Manami Doi, 41, a Japanese expatriate living in Shanghai, sits by the bed of her two-year-old son Yutaro in a VIP ward of Shanghai Children's Hospital.
The boy, recovering from pneumonia, is preoccupied watching cartoons on television. His mother's thoughts are of relief that he's on the mend.
"The doctors and nurses here have been nice and very kind," said Doi, who has been living in Shanghai for five years. "Their skills are very good, and this environment is comfortable."
Falling ill in a foreign country is the nightmare of every expatriate. Will they get the quality of care they are used to back home? Will they even be able to communicate with doctors treating them?
In Shanghai, home to about 300,000 expats, such anxieties are eased somewhat by the burgeoning number of internationally operated clinics and hospitals, and by the creation of VIP wards in public hospitals.
There are some 2,700 hospitals and medical clinics in the city, and 30 of them have set up special wards catering to foreigners. There are also 20 international hospitals and clinics financed by overseas investment and employing some foreign medical personnel.

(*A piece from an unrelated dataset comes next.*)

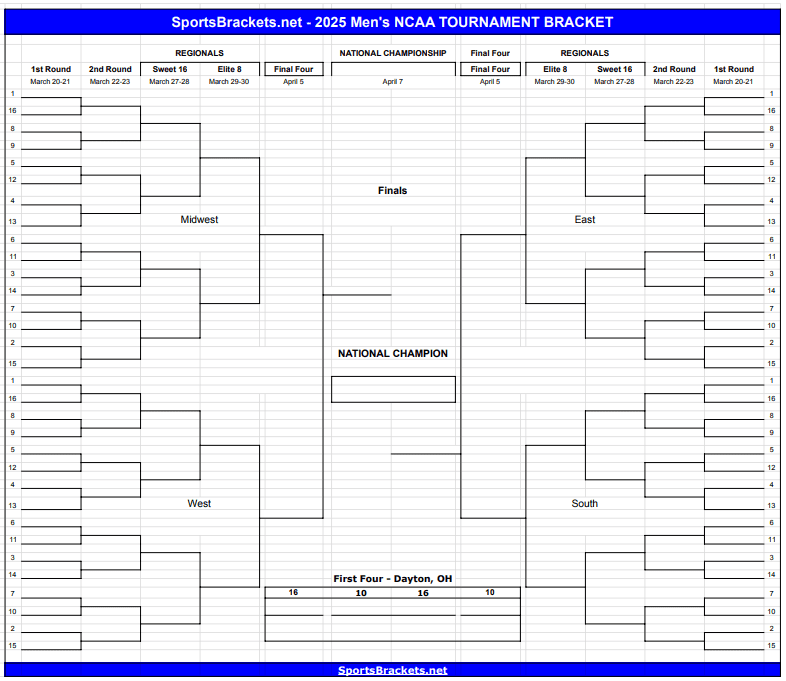 2025 Ncaa Tournament Bracket Printable Coloring Frank R Jester

Facilities are all fine and well, but a quality care delivery system also requires easy access and personal attention for patients in time of stress.
"Expatriates often do feel that health care in Shanghai is difficult because there are no general physicians like in their own countries," said Peter Liu, CEO of Shanghai Delta Hospital and Clinics, a Sino-US joint venture health facility.
"In the West," he said, "most people have a family GP who acts like a gatekeeper, offering primary care and guiding them through hospital care if needed. There is no similar service in Shanghai, and expatriates don't know which department to go to for help in a local hospital."
Then, too, public hospitals can be crowded and cacophonous, with doctors too busy to give any individual patient much attention.
"Compared with Western hospitals, the process of seeing a doctor and finding services focused on patients lags far behind in China," Liu said. "Patients have to go to different floors for different tests and to pay bills. Doctors who have too many patients have no time to explain diagnoses and treatments carefully."